H-BRS: Oh je, das klingt hart: von Mexico City nach Villingen-Schweningen.
Ortega (lacht): Ja, es ist ziemlich klein. Aber mir hat es in Deutschland wirklich gut gefallen. So reifte in meinen Jahren in der Wirtschaftsförderung die Idee, einen Master zu machen, am liebsten ohne Studiengebühren. Deutschland bot sich an, zumal ich mich schon ein wenig auskannte, ein wenig Deutsch sprach und es mir dort gefallen hatte. Ich suchte nach einem Robotik-Studiengang mit einem DAAD-Stipendium und kam so an die Hochschule Bonn-Rhein-Sieg. Während meines Masters habe ich in Bonn gewohnt, erst als ich angefangen habe zu arbeiten, bin ich nach Köln gezogen, weil ich das Leben in einer "großen" Stadt vermisst habe.
H-BRS: Und nach Deinem Master-Abschluss hast Du Dich entschieden zu bleiben...
Ortega: Ja, ich war daran interessiert, nach meiner Dissertation zu promovieren und bekam eine Stelle als wissenschaftlicher Mitarbeiter bei H-BRS in einem Projekt angeboten, das eng mit meinen Forschungsinteressen verbunden war. Ich bin froh, dass ich das gemacht habe, denn ich mag meine Kollegen und meine Arbeit hier sehr, und wir haben viele Bereiche gefunden, in denen wir zusammenarbeiten können.
H-BRS: Gibt es etwas, das Du an Deutschland besonders magst?
Ortega: Ich mag das öffentliche Zugsystem sehr.
H-BRS: Interessant.

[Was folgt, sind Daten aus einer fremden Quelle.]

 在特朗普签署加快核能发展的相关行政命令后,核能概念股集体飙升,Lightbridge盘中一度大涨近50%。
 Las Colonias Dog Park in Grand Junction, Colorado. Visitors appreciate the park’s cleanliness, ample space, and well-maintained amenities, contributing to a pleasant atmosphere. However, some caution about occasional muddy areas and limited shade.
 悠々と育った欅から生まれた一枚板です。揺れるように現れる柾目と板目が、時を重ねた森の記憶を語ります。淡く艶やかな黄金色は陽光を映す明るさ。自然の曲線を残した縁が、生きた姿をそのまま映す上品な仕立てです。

Viele Deutsche finden es eher mangelhaft, unzuverlässig und unpünktlich. Was gefällt Dir daran?
Ortega: Es existiert. In Mexiko haben wir im Grunde keine Personenzüge, abgesehen von der Metro in ein paar Städten und ein paar Touristenzügen. Hier benutze ich ständig Züge und Straßenbahnen und brauche überhaupt kein Auto. Ich finde es schön, dass ich nach der Arbeit nicht im Stau stehen muss und stattdessen viel mehr Zeit zum Lesen habe.
H-BRS: Du lebst in Köln, gibt es in der Stadt gute mexikanische Restaurants?

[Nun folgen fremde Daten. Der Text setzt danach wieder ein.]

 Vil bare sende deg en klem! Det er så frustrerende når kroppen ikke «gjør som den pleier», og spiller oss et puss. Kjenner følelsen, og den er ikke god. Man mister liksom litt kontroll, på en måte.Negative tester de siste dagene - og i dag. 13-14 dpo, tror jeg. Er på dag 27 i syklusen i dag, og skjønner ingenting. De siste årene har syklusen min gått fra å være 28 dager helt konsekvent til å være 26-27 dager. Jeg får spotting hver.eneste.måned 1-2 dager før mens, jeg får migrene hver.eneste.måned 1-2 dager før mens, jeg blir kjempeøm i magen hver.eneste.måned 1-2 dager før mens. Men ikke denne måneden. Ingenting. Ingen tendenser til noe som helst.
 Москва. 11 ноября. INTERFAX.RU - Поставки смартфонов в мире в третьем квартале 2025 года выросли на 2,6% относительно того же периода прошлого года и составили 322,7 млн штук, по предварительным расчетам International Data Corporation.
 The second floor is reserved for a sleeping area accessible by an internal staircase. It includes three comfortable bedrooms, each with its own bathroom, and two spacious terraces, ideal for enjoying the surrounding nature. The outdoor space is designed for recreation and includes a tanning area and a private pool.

Ortega: Es gibt ein paar Restaurants die okay sind, aber die servieren eher TexMex als authentisches Essen, deshalb koche ich meistens lieber. Es gibt eine Handvoll mexikanischer Supermärkte, in die ich gehe, um Maistortillas zu kaufen, die nicht die sind, die man in einem durchschnittlichen deutschen Supermarkt findet. Man kann sogar Maismehl kaufen und sie selbst machen, wenn man die Zeit dazu hat. Ich finde es lustig, dass ich die meisten traditionellen mexikanischen Rezepte, die ich kochen kann, hier in Deutschland gelernt habe.
H-BRS: Du hast in Mexiko kein mexikanisches Essen gekocht?
Ortega: Wir kochen zu Hause nicht unbedingt das, was man als "traditionelles" mexikanisches Essen bezeichnen würde. Tacos sind ein sehr gutes Beispiel dafür: Es gibt so viele "Taquerias" oder Taco-Restaurants oder -Stände, mit ihrem eigenen Tortilla-Stil, ihren eigenen geheimen Rezepten und Salsas, und das zu einem so niedrigen Preis, dass man das zu Hause eigentlich gar nicht ausprobieren muss!
H-BRS: Vielen Dank für das Interview Argentinien und viel Erfolg bei Deiner Doktorarbeit!